Other notables include
| Eave band, eaveline-resident | |
| [Belly band, at or about second floor level, if of
wood or wood-like finish clad] | |
| Window and door head trims in the style of label (with
label return), a/k/a hoodmold, dripstone, weather-molding, and (sorry for
this) water-table (all the rest usually with returns untitled) and, of
course | |
| Lintels, arches jack and segmental |
To be more full-fledged but less than clear, there are other horizontal, exterior elements or features that may be regarded as overarching or extending or plainly confusing in juxtaposition
| Among them, this custom home designer includes bands, band courses, belt courses, pedestals, bulkheads, etc., mostly of masonry if masonry lowers |
These elements and features may be applied to columns, piers, pilasters, one or more facades, and perimeters.

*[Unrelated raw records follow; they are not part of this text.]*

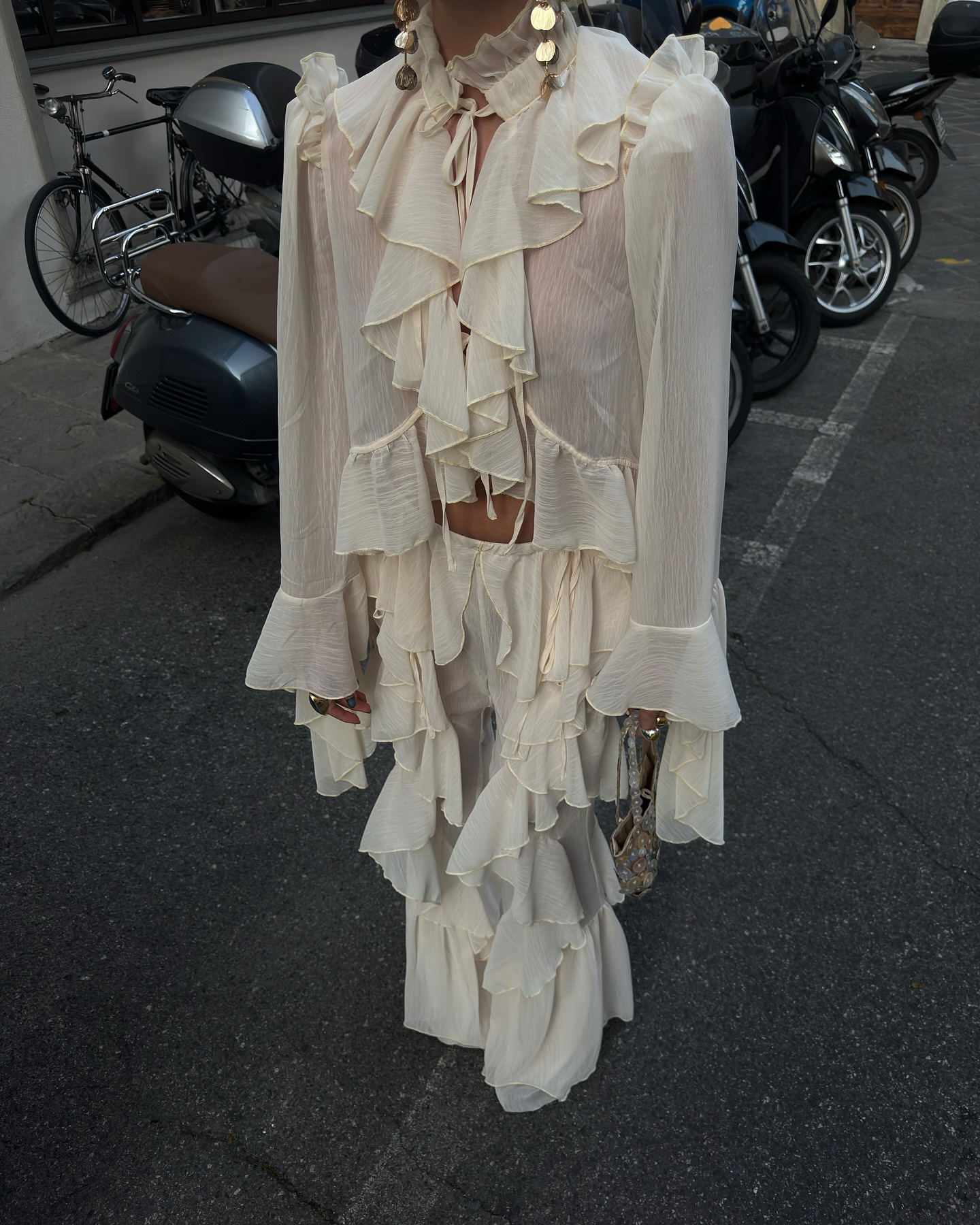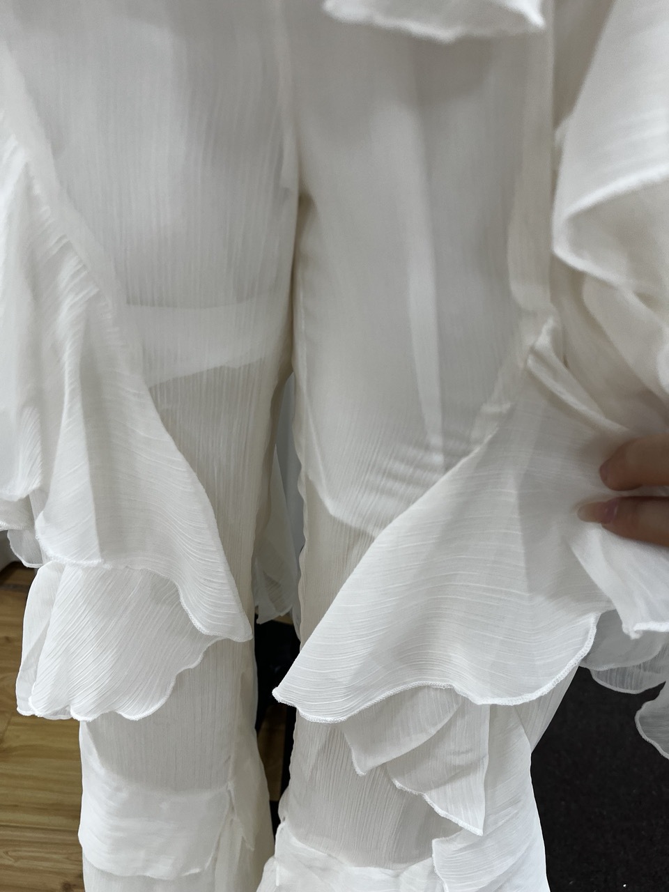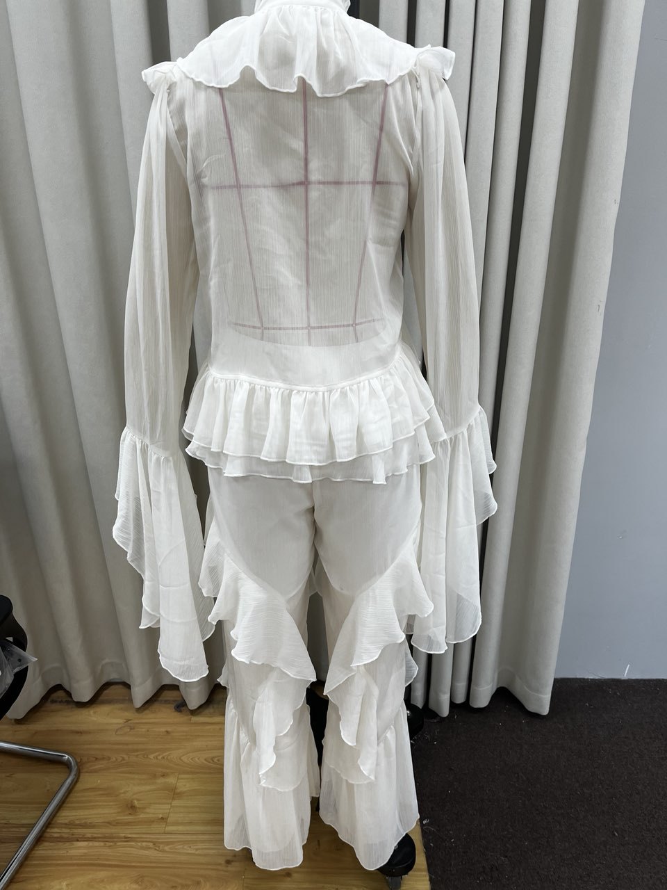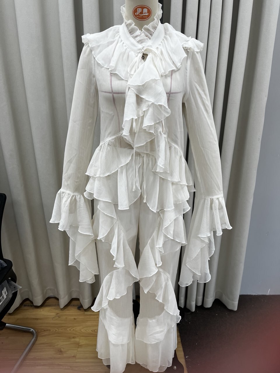 시폰 레이스 스탠드 칼라 레이스 러플 호른 슬리브 탑 2 피스 크로스 보더 유럽과 미국 패션 느슨한 세트스토어 가기
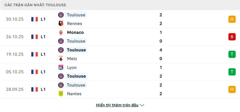 Toulouse đang đứng ở vị trí thứ 9 trên bảng xếp hạng Ligue 1 với 14 điểm sau 10 vòng đấu. Phong độ của họ gần đây có dấu hiệu chững lại khi không thắng trong hai trận gần nhất, bao gồm trận hòa 2-2 với Rennes và thất bại 0-1 trước AS Monaco. Trước đó, đội chủ sân Stadium de Toulouse đã có chuỗi trận ấn tượng khi đánh bại Metz 4-0 và Lyon 2-1. Nhìn chung, thành tích của Toulouse khá thất thường, họ có 4 trận thắng, 2 trận hòa và 4 trận thua. Trận đấu này là cơ hội để họ tìm lại cảm giác chiến thắng.
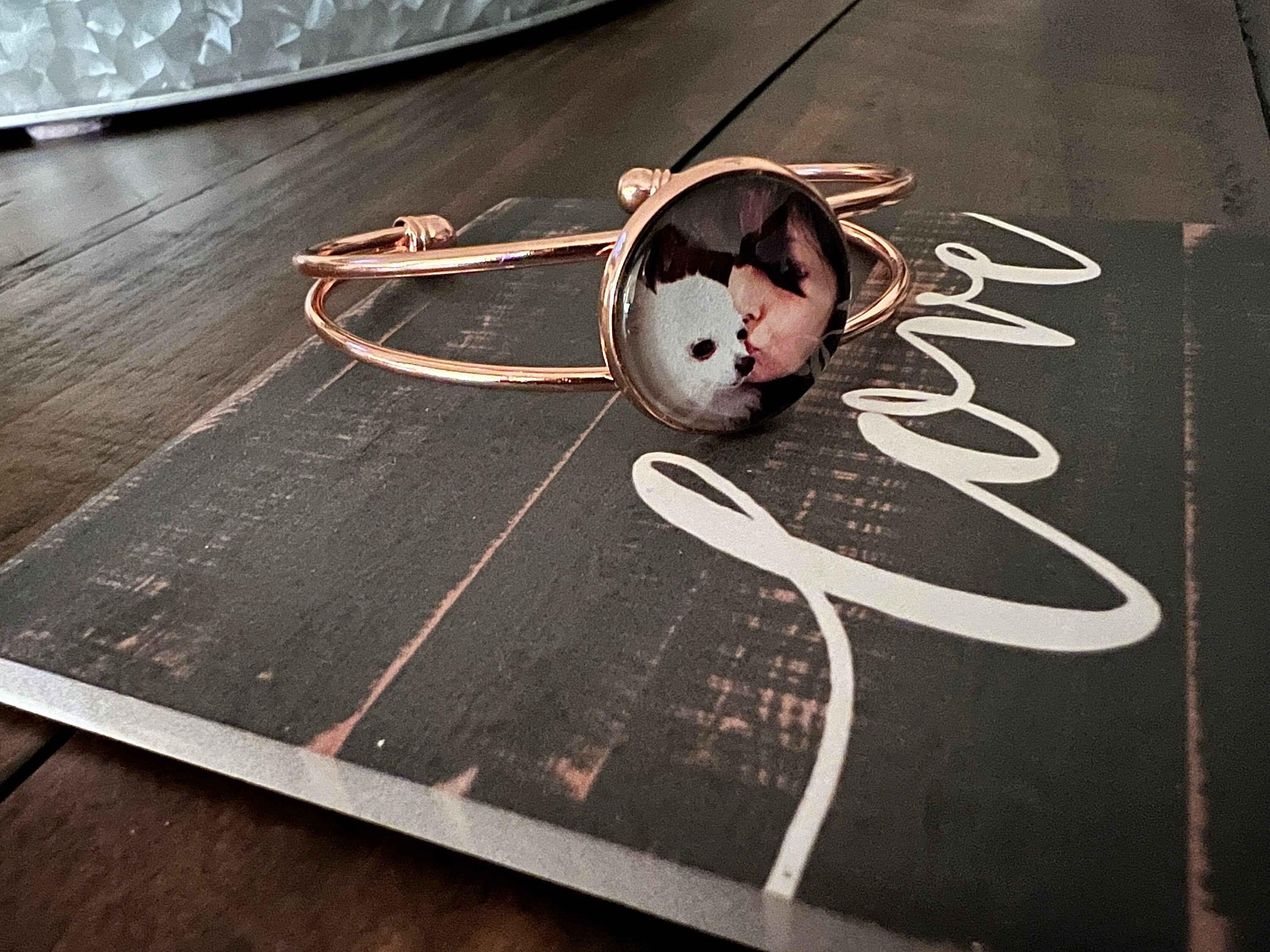 You can’t get anymore “personalized” if you tried!! This Photo Cuff Bangle Bracelet will truly be a one-of-kind gift from the heart. I will create this with your favorite pictures! These make great gifts for all occasions to Moms, Grandmas, Sisters, Bridesmaids, BFF’s, New Baby …you name it! They are sealed under crystal clear glass lens which magnifies and creates a 3D effect so your photo will stand out beautifully. One size fits all (except for very large wrists).

With the exception of bulkheads and pedestals, the others appear to be either functional and decorative or just decorative.
Classical, Traditional, and Modern design
styles all seem to be fair game for these and water tables by whatever name.

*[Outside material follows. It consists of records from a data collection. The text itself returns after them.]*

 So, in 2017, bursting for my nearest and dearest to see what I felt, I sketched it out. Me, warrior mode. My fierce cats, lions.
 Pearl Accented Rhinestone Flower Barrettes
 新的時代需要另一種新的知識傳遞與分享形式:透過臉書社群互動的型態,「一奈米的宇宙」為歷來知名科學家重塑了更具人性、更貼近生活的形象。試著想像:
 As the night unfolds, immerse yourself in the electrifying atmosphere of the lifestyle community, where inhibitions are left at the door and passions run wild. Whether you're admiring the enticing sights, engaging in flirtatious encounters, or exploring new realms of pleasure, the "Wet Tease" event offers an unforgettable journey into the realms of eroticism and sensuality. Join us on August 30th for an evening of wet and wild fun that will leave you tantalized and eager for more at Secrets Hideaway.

Whereas, some may expound on the rise of the water table as a mid-
to late-nineteenth century American building design element, including home
building design, it and others similar from roof deck on down had been around
for centuries in homes (et al.) of England (of which the author is more
familiar) and the Continent (except for France, observed variously in passing).
FUNCTION
The functional purpose of each is to shed runoff.
The major use of a water table in custom home design these days in this shop arises from the purposeful need to transition between exterior finish clad stone or brick lowers and, especially, stucco uppers. However, in the full light of time gone bye-bye, a masonry lower could be parted by water table to most any upper material.

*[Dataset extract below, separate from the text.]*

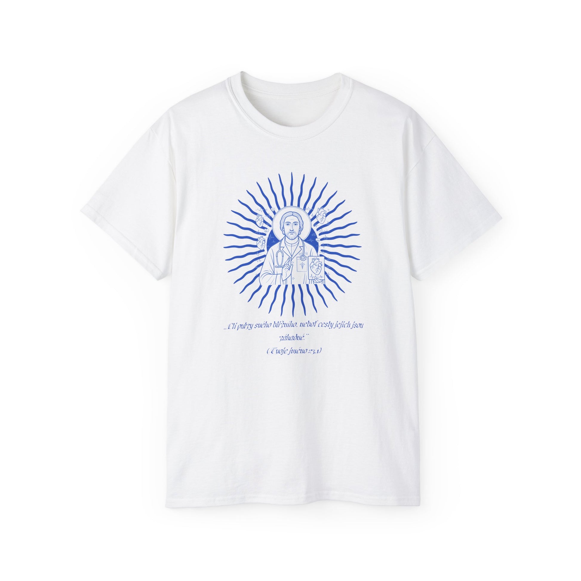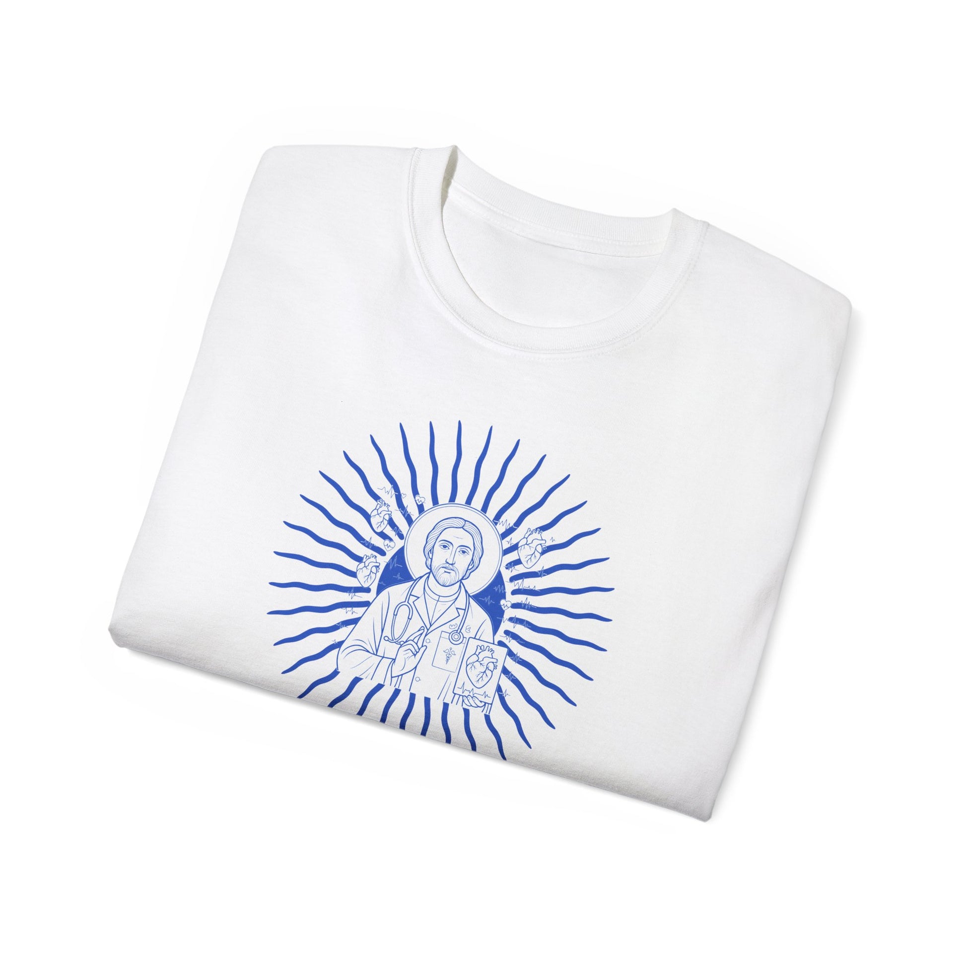 Hej, doktore s velkým K, tady je tvoje nové svaté tričko, které tě provede každou směnou. Na hrudi má moudrost jak z kostela: ‚Cti pulzy svého bližního, neboť cesty jejich jsou záhadné.‘ Je to takový malý boží vtípek, který krásně spojuje to, co děláme každý den, s něčím vyšším... nebo tak něco. Světec na tričku ti kryje záda a dodává tomu celému atmosféru, že i při resuscitaci jsi vlastně ve spojení s něčím posvátným.

The author knows of no masonry clad exterior home design that couldn't be afforded a water table, principally for its functionality in addition to its decoration. Adding to water tables' design distinction, this seeming stylistic-universality of water tables with respect to partial (lowers) or full masonry exteriors does not extend to over-fenestration elements, e.g., a label (in any material) is, in this custom home designer's opinion, not consistent with several home design styles.
It is design-wise in the author's opinion, to
use a water table as among materials of exterior finish clad to further
distinguish facades through treatments of sorts varying lowers from uppers
outsetting lowers; coarser; bolder, larger, rougher materials for lowers; along
with different mortar lines and spacing, less well organized lowers, as though
repaired, etc.
In home presentations of stone foundations with water tables which
appeal to the author, there's a look that the lowers have been around awhile,
reckoning uppers burned off, fell down, or blew away in the past and,
subsequently, have been rebuilt upon. This design methodology, incorporating
water tables, is inspired by Christopher Alexander's "quality without a name"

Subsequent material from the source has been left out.